Barcode sequencing identifies resistant mechanisms to epidermal growth factor receptor inhibitors in circulating tumor DNA of lung cancer patients
Author(s) -
Kitazono Satoru,
Sakai Kazuko,
Yanagitani Noriko,
Ariyasu Ryo,
Yoshizawa Takahiro,
Dotsu Yosuke,
Koyama Junji,
Saiki Masafumi,
Sonoda Tomoaki,
Nishikawa Shingo,
Uchibori Ken,
Horiike Atsushi,
Nishio Kazuto,
Nishio Makoto
Publication year - 2019
Publication title -
cancer science
Language(s) - English
Resource type - Journals
SCImago Journal Rank - 2.035
H-Index - 141
eISSN - 1349-7006
pISSN - 1347-9032
DOI - 10.1111/cas.14153
Subject(s) - kras , amplicon , epidermal growth factor receptor , digital polymerase chain reaction , t790m , biology , lung cancer , mutation , dna sequencing , cold pcr , amplicon sequencing , resistance mutation , microbiology and biotechnology , barcode , cancer research , polymerase chain reaction , cancer , gene , genetics , medicine , point mutation , reverse transcriptase , 16s ribosomal rna , computer science , operating system
Most patients with epidermal growth factor receptor ( EGFR ) mutation‐positive non‐small cell lung cancer ( NSCLC ) will inevitably develop acquired resistance induced by treatment with EGFR tyrosine kinase inhibitors ( EGFR ‐ TKI ). The mechanisms of resistance to EGFR ‐ TKI are multifactorial, and the detection of these mechanisms is critical for treatment choices in patients who have progressed after EGFR ‐ TKI therapy. We evaluated the feasibility of a molecular barcode method using next‐generation sequencing to detect multifactorial resistance mechanisms in circulating tumor DNA and compared the results with those obtained using other technologies. Plasma samples were collected from 25 EGFR mutation‐positive NSCLC patients after the development of EGFR ‐ TKI resistance.

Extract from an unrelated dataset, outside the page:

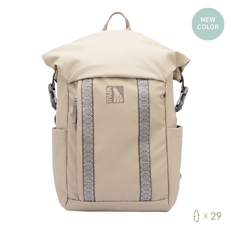 シンプルで機能的なロールトップバックパックが登場 ≪ペットボトル×29本分使用≫ 広い開口部のメイン収納と、オーガナイザー付きのPCポケットを備えたこのバックパックは、使い勝手抜群です。

Somatic mutation profiles of these samples were assessed using two methods of next‐generation sequencing and droplet digital PCR (dd PCR ). The positive rate for EGFR ‐sensitizing mutations was 18/25 (72.0%) using dd PCR , 17/25 (68.0%) using amplicon sequencing, and 19/25 (76.0%) using molecular barcode sequencing. Rate of the EGFR T790M resistance mutation among patients with EGFR ‐sensitizing mutations was shown to be 7/18 (38.9%) using dd PCR , 6/17 (35.3%) using amplicon sequencing, and 8/19 (42.1%) using molecular barcode sequencing. Copy number gain in the MET gene was detected in three cases using dd PCR . PIK 3 CA , KRAS and TP 53 mutations were detected using amplicon sequencing. Molecular barcode sequencing detected PIK 3 CA , TP 53 , KRAS , and MAP 2K1 mutations. Results of the three assays were comparable; however, in cell‐free DNA , molecular barcode sequencing detected mutations causing multifactorial resistance more sensitively than did the other assays.